Его отец, действительный статский советник Александр Николаевич Глаголев, уроженец Пскова, окончил физико-математический факультет Московского университета и всю свою жизнь посвятил любимому делу — преподаванию математики; в Москве преподавал в частной гимназии Креймана. Мать Нила Александровича, Евгения Михайловна (1859—1934), окончила с золотой медалью гимназию в Калуге, где её отец был профессором словесности духовной академии и главным редактором газеты «Калужские ведомости». Она прекрасно владела тремя европейскими языками и, предполагая поступить на медицинские курсы в Петербурге, изучила латинский язык и выдержала экзамен за мужскую гимназию, но замужество помешало её поступлению на медицинские курсы. Евгения Михайловна сама дала начальное образование всем своим детям (12 человек) и из двенадцати детей все, кроме одного, умершего в юности, получили высшее образование.

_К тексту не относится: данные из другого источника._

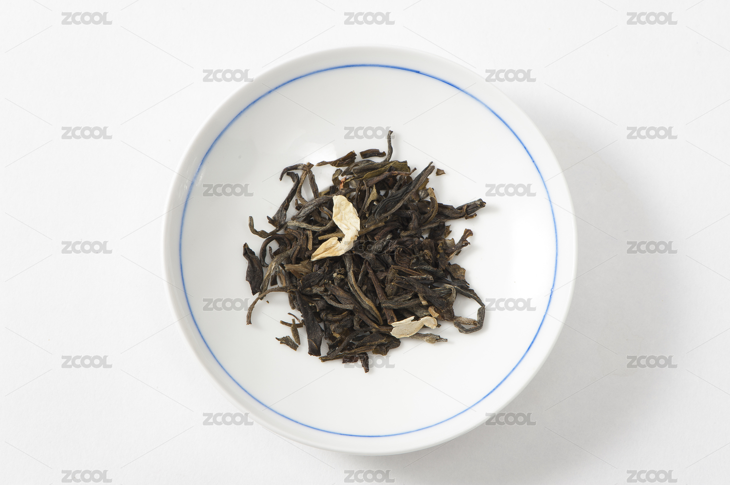 普洱茶生茶茶叶放在瓷盘里俯拍
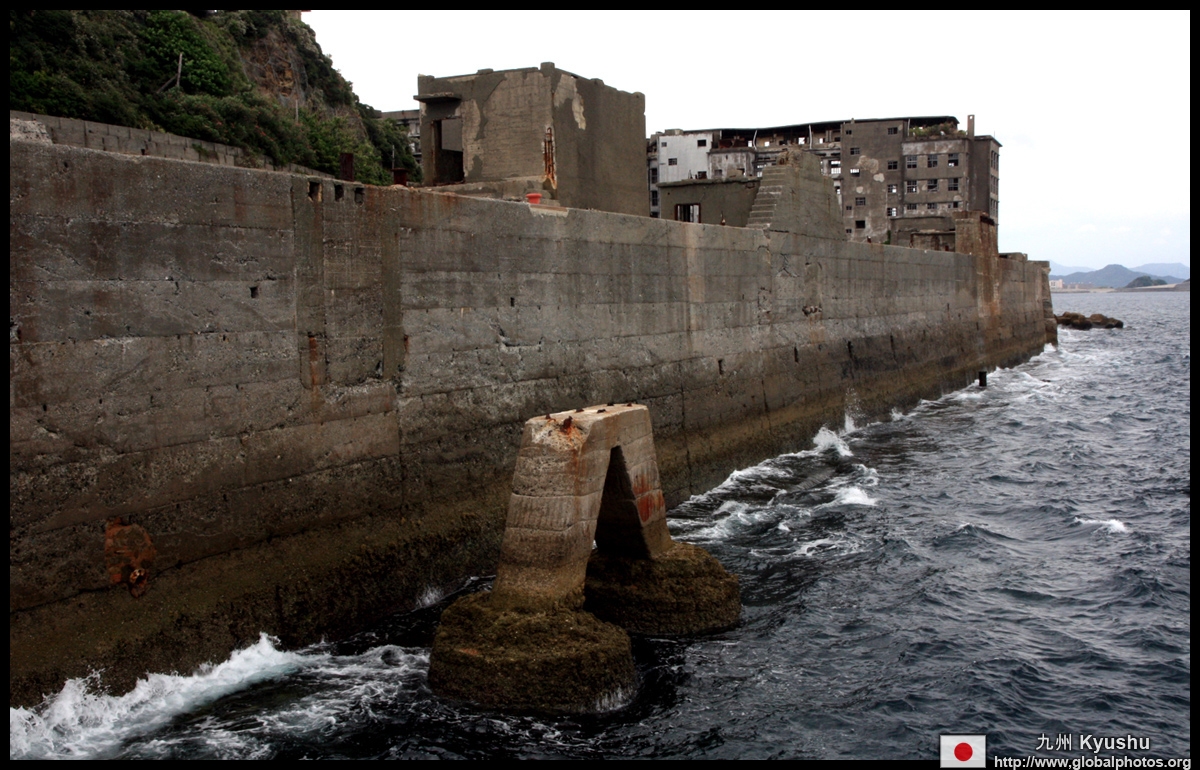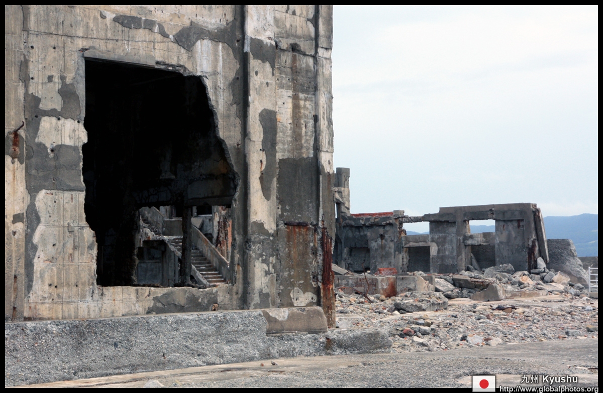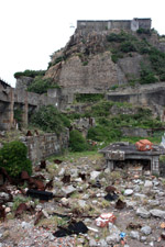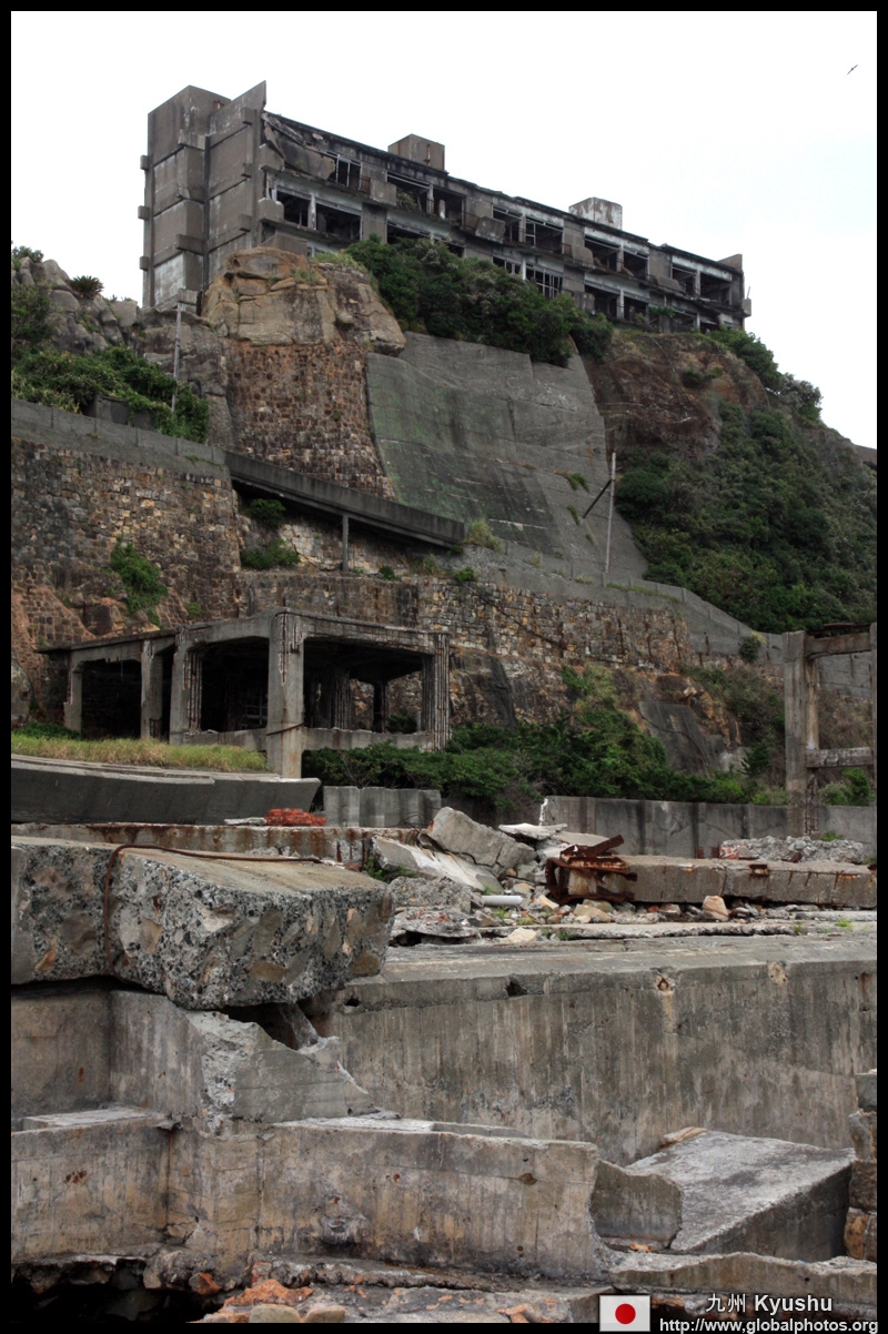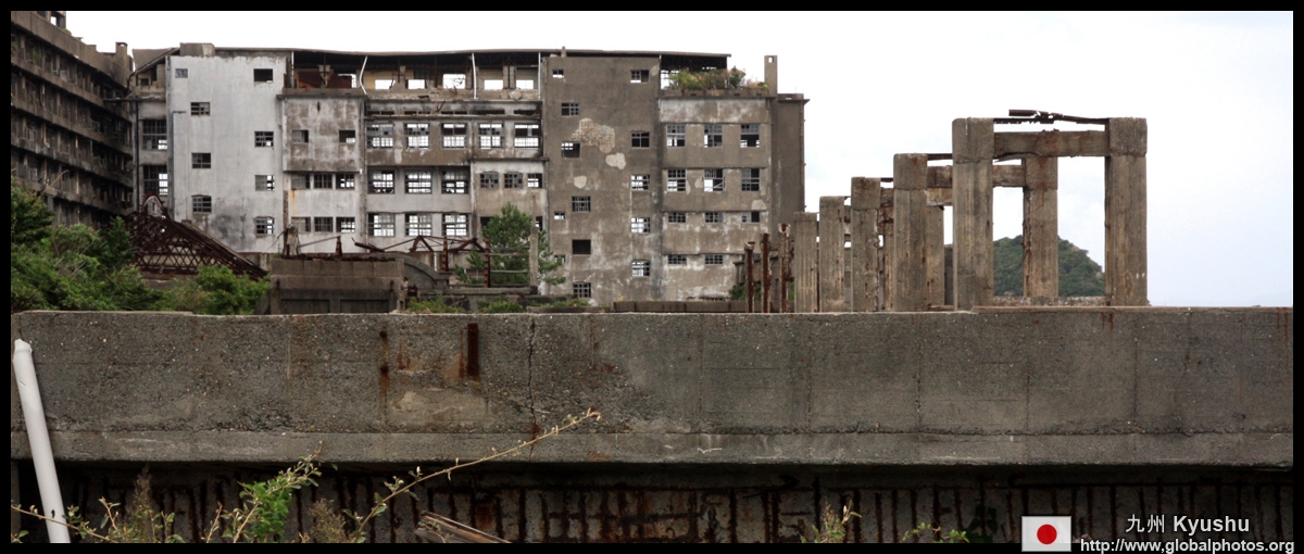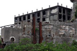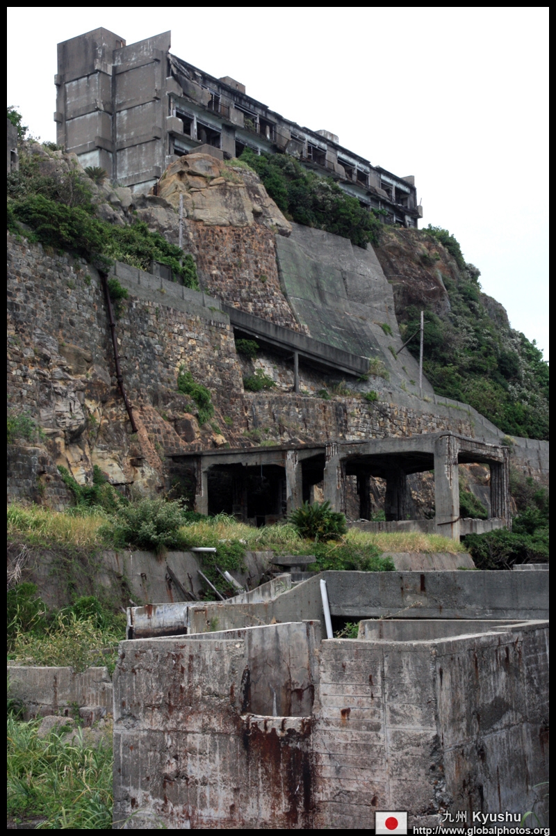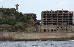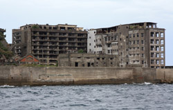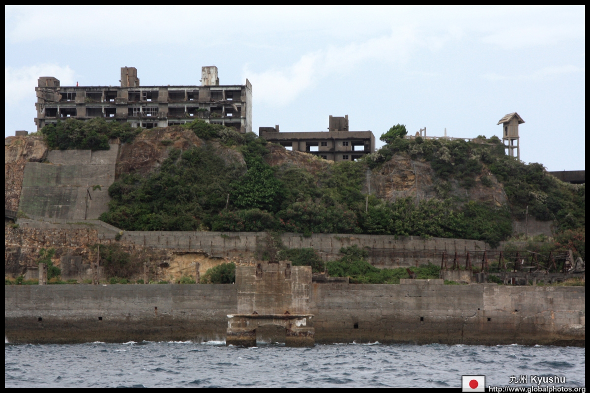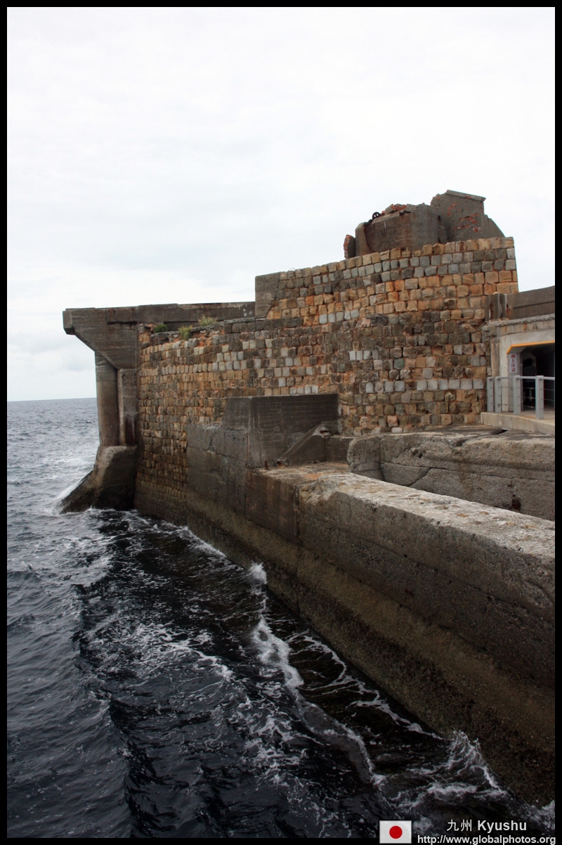 Gunkanjima is located about 20km ofshore from Nagasaki. Its prosperity began when coal was discovered in 1810 and Mitsubishi developed coal mining on the island in 1890. Miners lived in dormitories on the island and the population reached oveer 5200 in 1960. The mines closed in 1974 and the island was subsequently abandoned. Today, visitors can only reach the island via escorted local tour, although they give English pamphlets to non-Japanese speakers.

Нил Александрович был шестым ребенком в семье. До десятилетнего возраста учился дома, затем поступил в первый класс 6-й Московской гимназии. Проявляя наибольшую склонность к математике, он в то же время любил и интересовался историей и литературой и эту любовь сохранил до конца своих дней; его продолжали занимать вопросы русской истории и тогда, когда он был уже известным профессором математики. Ещё он увлекался театром, имея большие актерские данные[1]. Позднее, когда он был студентом, скульптор Голубкина, близко знавшая семью Глаголевых, неоднократно приглашала его вступить в любительскую труппу в Зарайске, но он не решился выступать на сцене.

Нил Александрович был в 8-м классе гимназии, когда после скоропостижной смерти отца (1906) материальное положение семьи резко изменилось, и Нил Александрович вынужден был зарабатывать на своё содержание. Поступив после окончания гимназии на физико-математический факультет Московского университета, он на протяжении всех лет учёбы давал частные уроки. В доме Глаголевых в то время царила «математическая атмосфера»; старшая сестра и два брата тоже были математиками, и по вечерам велись на математические темы беседы, переходившие нередко в горячие споры. В 1911 году за участие в студенческих волнениях Нил Александрович Глаголев был исключён из университета, ему было запрещено проживать в Москве; пришлось временно выехать в Тульскую губернию.

В 1912 году по одновременному ходатайству его матери и физико-математического факультета ему было разрешено держать выпускные экзамены экстерном, после чего он был оставлен профессором Д. Ф. Егоровым при университете для подготовки к профессорскому званию. В это же время он слушал лекции в Народном университете им. Шанявского и участвовал там в семинаре по геометрии, организованном профессором Б. К. Млодзеевским.

Сразу же после окончания университета началась его педагогическая работа: профессор А. К. Власов, заведовавший в то время кафедрой высшей математики в коммерческом институте, пригласил Н. А. Глаголева туда в качестве преподавателя. В этом институте, позже переименованном в институт Карла Маркса, а затем в институт народного хозяйства имени Г. В. Плеханова, Н. А. Глаголев проработал на технологическом и электротехническом факультетах до 1934 года — сначала в качестве ассистента, затем доцента, профессора и заведующего кафедрой.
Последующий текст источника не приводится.